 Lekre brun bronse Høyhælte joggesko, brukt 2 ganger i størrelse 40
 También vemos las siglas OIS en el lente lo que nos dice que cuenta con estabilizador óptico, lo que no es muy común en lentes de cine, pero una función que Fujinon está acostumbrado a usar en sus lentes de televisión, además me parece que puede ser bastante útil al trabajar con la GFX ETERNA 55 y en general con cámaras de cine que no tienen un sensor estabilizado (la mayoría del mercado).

* * *

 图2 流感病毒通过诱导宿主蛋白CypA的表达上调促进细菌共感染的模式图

* * *

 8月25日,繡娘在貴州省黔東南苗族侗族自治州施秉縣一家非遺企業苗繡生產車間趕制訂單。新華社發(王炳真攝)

Your objective
Whatever else the listing above holds, retype exactly only the lines from the one containing "Lekre brun bronse" to the one containing "También vemos las", both ends kept.

Solution for this task
 Lekre brun bronse Høyhælte joggesko, brukt 2 ganger i størrelse 40
 También vemos las siglas OIS en el lente lo que nos dice que cuenta con estabilizador óptico, lo que no es muy común en lentes de cine, pero una función que Fujinon está acostumbrado a usar en sus lentes de televisión, además me parece que puede ser bastante útil al trabajar con la GFX ETERNA 55 y en general con cámaras de cine que no tienen un sensor estabilizado (la mayoría del mercado).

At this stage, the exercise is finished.